Int J Colorectal Dis. 2006 Mar;21(2):135-42. doi: 10.1007/s00384-005-0777-7. Epub 2005 Apr 29.

Abstract

Background and aims: Majority of cases of anal squamous cell carcinoma are human papilloma virus (HPV)-induced and result from anal intraepithelial neoplasia (AIN). This study was conducted to examine methods which may enable the routine diagnosis of HPV-induced changes in the anal rim and the consequences of such detection especially in view of a more sensitive diagnosis of AIN. Results were clinically correlated.

Methods: The study included biopsy samples from 87 patients who had been diagnosed with the following disease patterns: 47 invasive anal carcinoma, 33 AIN of varying severity and seven condylomatous lesions. In 52 of these cases, a tumour was clinically suspected. All biopsies were retrospectively examined for microscopic indications of HPV infection.
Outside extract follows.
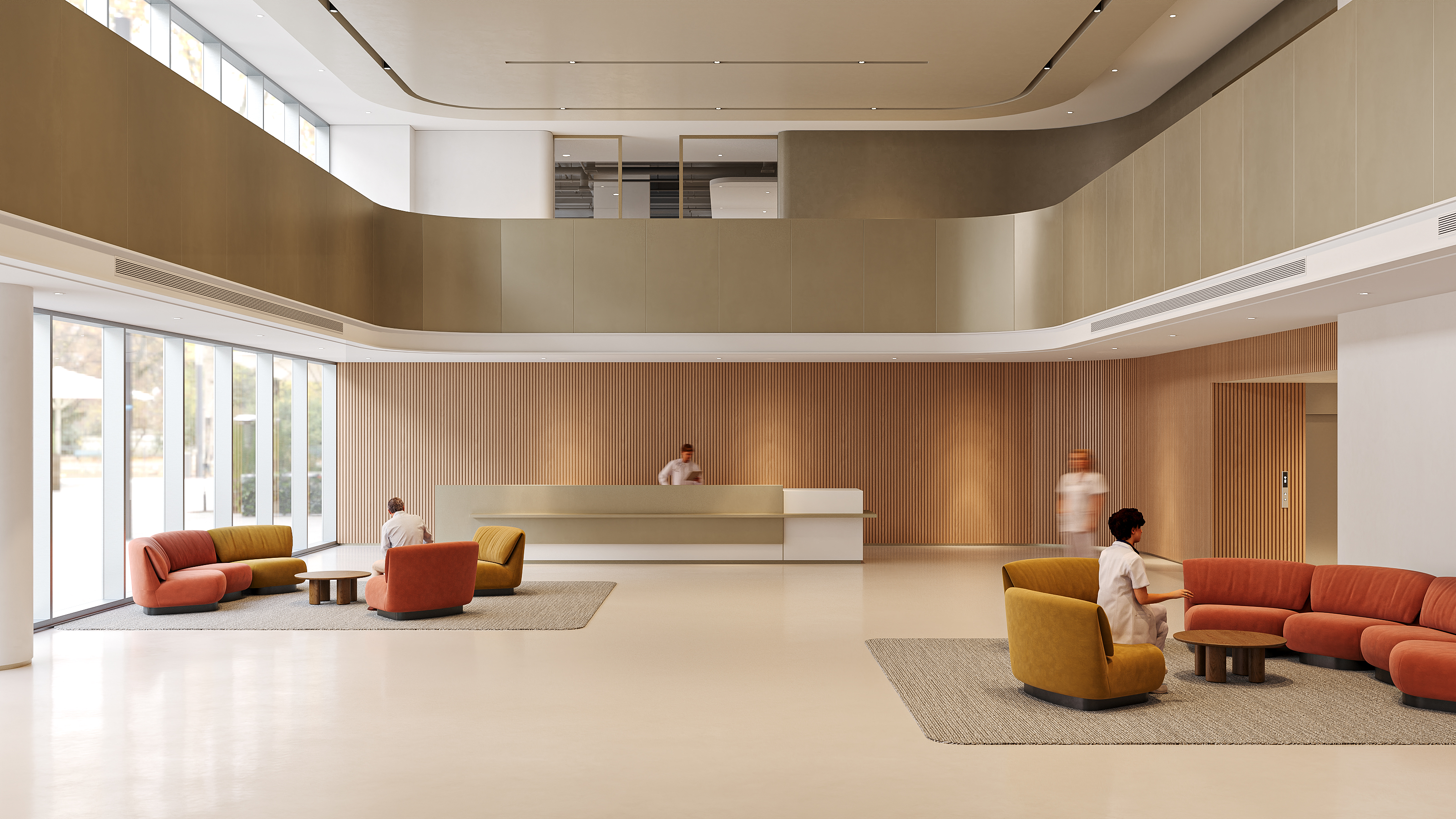 The gracefully flared then tapered armrests achieve both spatial presence and visual lightness, while their rounded fronts provide ergonomic grip comfort. A three-point support structure ensures exceptional stability and durability in high-traffic environments.

After microdissection, additional HPV analysis via PCR was carried out.

Results: In 38 of 47 cases of anal carcinoma, HPV DNA could be detected via PCR (80.9%), the majority of which were HPV 16 (33/38=86.8%). In 29 of the 33 cases of AIN, HPV DNA was detected (87.9%), most of these in AIN III (15/16=93.8%). Histological markers of HPV infection were detected in all 87 cases.
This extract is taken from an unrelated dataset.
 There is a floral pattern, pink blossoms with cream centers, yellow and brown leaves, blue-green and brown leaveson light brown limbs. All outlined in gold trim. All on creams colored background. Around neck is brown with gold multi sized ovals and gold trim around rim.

Discussion: In our series, the clinical diagnosis of the invasive anal carcinoma had a high sensitivity of 93.6%, with a specificity of 80%. The positive predictive value was 84.6%, and the negative predictive value 91.4%. In contrast, AIN had been detected clinically in none of the cases. In this situation, especially with high-risk patients, our findings recommend anal HPV screening in combination with anal cytology and anoscopy.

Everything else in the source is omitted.